Material for the task:
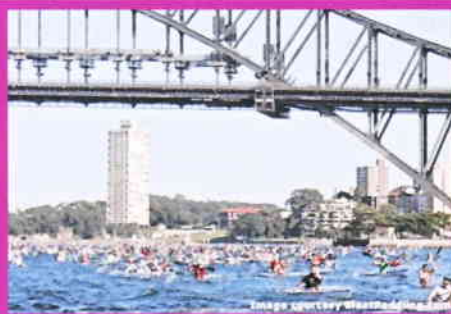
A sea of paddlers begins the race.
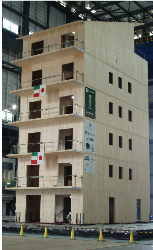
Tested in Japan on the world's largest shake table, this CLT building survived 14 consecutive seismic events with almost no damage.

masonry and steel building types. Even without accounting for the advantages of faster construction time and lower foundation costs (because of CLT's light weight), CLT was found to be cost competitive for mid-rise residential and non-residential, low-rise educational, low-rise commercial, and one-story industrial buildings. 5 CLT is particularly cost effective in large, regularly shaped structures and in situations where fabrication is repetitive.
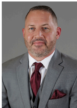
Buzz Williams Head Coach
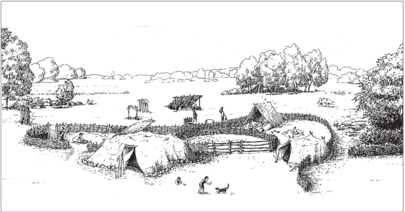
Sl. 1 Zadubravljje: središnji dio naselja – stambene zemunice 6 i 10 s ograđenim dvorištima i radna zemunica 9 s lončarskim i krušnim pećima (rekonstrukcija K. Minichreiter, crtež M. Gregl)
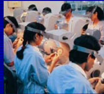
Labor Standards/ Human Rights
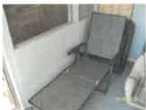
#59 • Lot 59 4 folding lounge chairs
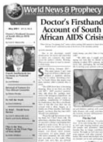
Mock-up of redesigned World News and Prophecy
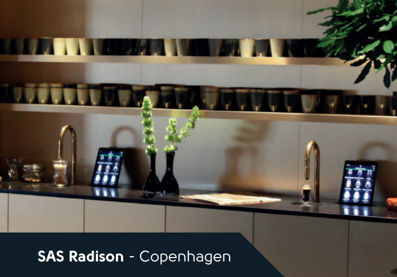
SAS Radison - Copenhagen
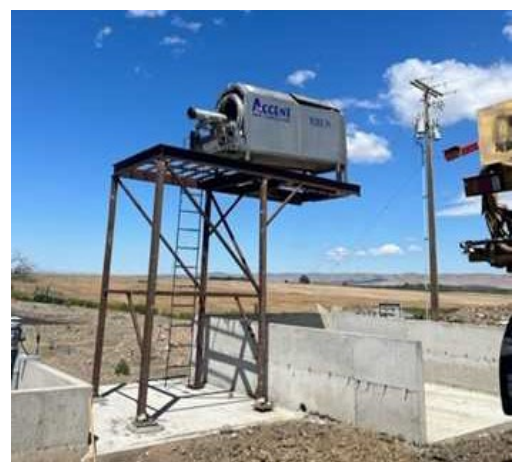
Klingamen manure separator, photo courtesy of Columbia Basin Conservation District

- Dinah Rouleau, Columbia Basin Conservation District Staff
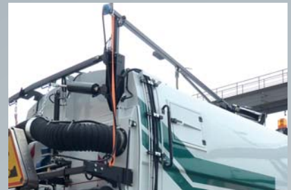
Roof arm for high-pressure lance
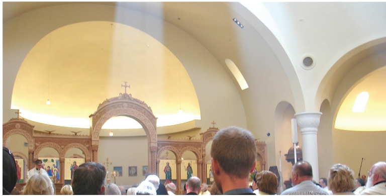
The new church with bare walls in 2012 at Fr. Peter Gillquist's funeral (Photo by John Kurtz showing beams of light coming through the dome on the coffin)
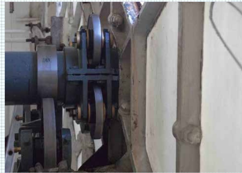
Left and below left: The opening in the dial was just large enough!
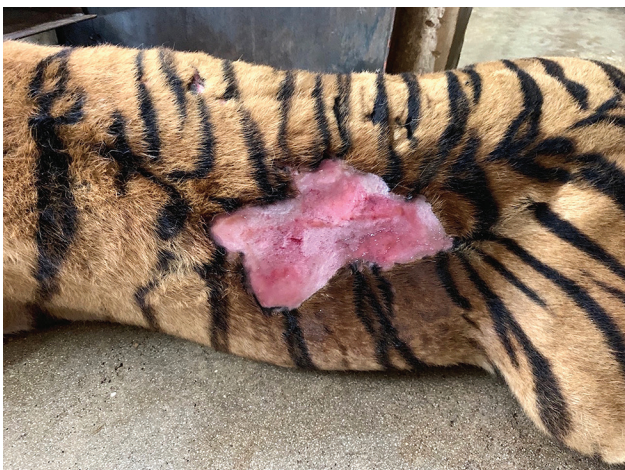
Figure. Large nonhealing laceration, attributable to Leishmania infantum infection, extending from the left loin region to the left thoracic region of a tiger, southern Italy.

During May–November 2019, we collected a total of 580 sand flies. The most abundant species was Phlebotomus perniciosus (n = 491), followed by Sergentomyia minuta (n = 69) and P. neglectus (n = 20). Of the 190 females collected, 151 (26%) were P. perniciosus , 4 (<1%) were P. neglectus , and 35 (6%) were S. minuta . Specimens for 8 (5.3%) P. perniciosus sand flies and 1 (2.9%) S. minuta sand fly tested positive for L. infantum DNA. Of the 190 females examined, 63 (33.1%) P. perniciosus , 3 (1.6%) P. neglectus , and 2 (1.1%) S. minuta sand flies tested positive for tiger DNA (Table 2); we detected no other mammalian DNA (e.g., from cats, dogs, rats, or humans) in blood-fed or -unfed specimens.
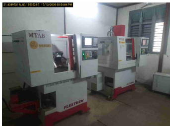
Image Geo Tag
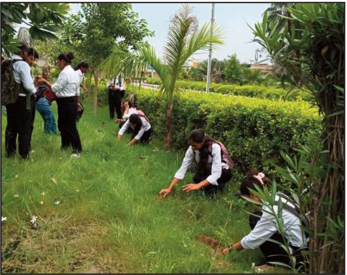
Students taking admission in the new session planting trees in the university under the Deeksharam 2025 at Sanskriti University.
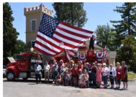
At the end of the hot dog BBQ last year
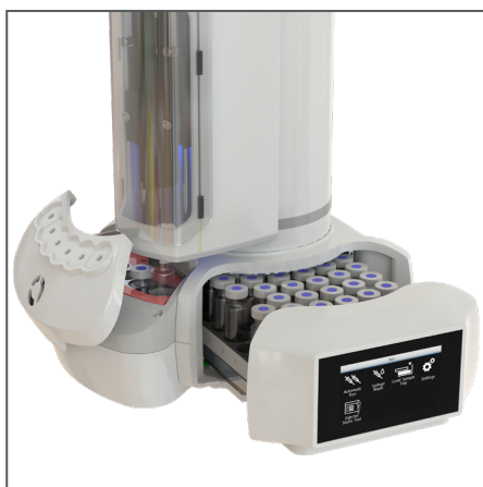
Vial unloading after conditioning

Exercise details:
All lines of the listing must be given again exactly, excluding the pictures.

Exercise response:
A sea of paddlers begins the race.
Tested in Japan on the world's largest shake table, this CLT building survived 14 consecutive seismic events with almost no damage.

masonry and steel building types. Even without accounting for the advantages of faster construction time and lower foundation costs (because of CLT's light weight), CLT was found to be cost competitive for mid-rise residential and non-residential, low-rise educational, low-rise commercial, and one-story industrial buildings. 5 CLT is particularly cost effective in large, regularly shaped structures and in situations where fabrication is repetitive.
Buzz Williams Head Coach
Sl. 1 Zadubravljje: središnji dio naselja – stambene zemunice 6 i 10 s ograđenim dvorištima i radna zemunica 9 s lončarskim i krušnim pećima (rekonstrukcija K. Minichreiter, crtež M. Gregl)
Labor Standards/ Human Rights
#59 • Lot 59 4 folding lounge chairs
Mock-up of redesigned World News and Prophecy
SAS Radison - Copenhagen
Klingamen manure separator, photo courtesy of Columbia Basin Conservation District

- Dinah Rouleau, Columbia Basin Conservation District Staff
Roof arm for high-pressure lance
The new church with bare walls in 2012 at Fr. Peter Gillquist's funeral (Photo by John Kurtz showing beams of light coming through the dome on the coffin)
Left and below left: The opening in the dial was just large enough!
Figure. Large nonhealing laceration, attributable to Leishmania infantum infection, extending from the left loin region to the left thoracic region of a tiger, southern Italy.

During May–November 2019, we collected a total of 580 sand flies. The most abundant species was Phlebotomus perniciosus (n = 491), followed by Sergentomyia minuta (n = 69) and P. neglectus (n = 20). Of the 190 females collected, 151 (26%) were P. perniciosus , 4 (<1%) were P. neglectus , and 35 (6%) were S. minuta . Specimens for 8 (5.3%) P. perniciosus sand flies and 1 (2.9%) S. minuta sand fly tested positive for L. infantum DNA. Of the 190 females examined, 63 (33.1%) P. perniciosus , 3 (1.6%) P. neglectus , and 2 (1.1%) S. minuta sand flies tested positive for tiger DNA (Table 2); we detected no other mammalian DNA (e.g., from cats, dogs, rats, or humans) in blood-fed or -unfed specimens.
Image Geo Tag
Students taking admission in the new session planting trees in the university under the Deeksharam 2025 at Sanskriti University.
At the end of the hot dog BBQ last year
Vial unloading after conditioning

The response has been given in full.